● WORK ORDER: Nothing but the lines from the one with "从车身侧面看,整车采用了接近" down to the one with "基礎講座では、室内座学の後、" should be returned, exactly and with both ends included, from the material below.

● SUPPLIED MATERIAL:
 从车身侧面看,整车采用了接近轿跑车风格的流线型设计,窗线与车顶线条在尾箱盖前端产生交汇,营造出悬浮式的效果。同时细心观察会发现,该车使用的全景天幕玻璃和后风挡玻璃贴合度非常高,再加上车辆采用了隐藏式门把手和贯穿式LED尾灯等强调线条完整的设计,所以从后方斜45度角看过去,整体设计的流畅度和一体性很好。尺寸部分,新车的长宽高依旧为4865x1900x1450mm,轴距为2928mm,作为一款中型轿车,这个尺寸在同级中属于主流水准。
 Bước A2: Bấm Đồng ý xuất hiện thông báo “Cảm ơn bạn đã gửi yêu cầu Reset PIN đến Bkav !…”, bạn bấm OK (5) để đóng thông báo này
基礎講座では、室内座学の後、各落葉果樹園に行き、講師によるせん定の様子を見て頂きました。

* * *

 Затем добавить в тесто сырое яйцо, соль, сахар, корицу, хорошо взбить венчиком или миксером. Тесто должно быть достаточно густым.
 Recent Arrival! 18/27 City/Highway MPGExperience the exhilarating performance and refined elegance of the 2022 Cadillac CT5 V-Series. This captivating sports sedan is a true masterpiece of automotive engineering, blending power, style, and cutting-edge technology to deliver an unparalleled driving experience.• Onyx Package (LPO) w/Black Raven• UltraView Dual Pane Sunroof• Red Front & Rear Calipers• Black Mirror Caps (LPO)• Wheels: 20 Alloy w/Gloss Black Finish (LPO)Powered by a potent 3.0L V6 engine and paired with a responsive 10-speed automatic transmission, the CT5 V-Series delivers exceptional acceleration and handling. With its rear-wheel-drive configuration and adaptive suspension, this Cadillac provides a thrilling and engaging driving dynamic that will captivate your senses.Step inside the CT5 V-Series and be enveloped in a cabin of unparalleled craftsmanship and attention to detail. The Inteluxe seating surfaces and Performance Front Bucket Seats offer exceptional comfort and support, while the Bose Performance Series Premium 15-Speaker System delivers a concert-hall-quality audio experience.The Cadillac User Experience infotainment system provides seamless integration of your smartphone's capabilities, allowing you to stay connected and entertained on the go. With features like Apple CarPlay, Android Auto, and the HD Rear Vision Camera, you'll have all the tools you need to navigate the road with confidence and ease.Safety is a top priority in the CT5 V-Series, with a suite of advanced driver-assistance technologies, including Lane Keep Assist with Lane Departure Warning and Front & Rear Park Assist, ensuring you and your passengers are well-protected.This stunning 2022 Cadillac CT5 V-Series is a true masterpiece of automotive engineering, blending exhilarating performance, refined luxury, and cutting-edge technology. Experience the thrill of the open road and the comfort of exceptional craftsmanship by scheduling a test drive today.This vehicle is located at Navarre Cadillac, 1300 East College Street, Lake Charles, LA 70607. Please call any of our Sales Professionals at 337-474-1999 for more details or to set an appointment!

● TASK SOLUTION:
 从车身侧面看,整车采用了接近轿跑车风格的流线型设计,窗线与车顶线条在尾箱盖前端产生交汇,营造出悬浮式的效果。同时细心观察会发现,该车使用的全景天幕玻璃和后风挡玻璃贴合度非常高,再加上车辆采用了隐藏式门把手和贯穿式LED尾灯等强调线条完整的设计,所以从后方斜45度角看过去,整体设计的流畅度和一体性很好。尺寸部分,新车的长宽高依旧为4865x1900x1450mm,轴距为2928mm,作为一款中型轿车,这个尺寸在同级中属于主流水准。
 Bước A2: Bấm Đồng ý xuất hiện thông báo “Cảm ơn bạn đã gửi yêu cầu Reset PIN đến Bkav !…”, bạn bấm OK (5) để đóng thông báo này
基礎講座では、室内座学の後、各落葉果樹園に行き、講師によるせん定の様子を見て頂きました。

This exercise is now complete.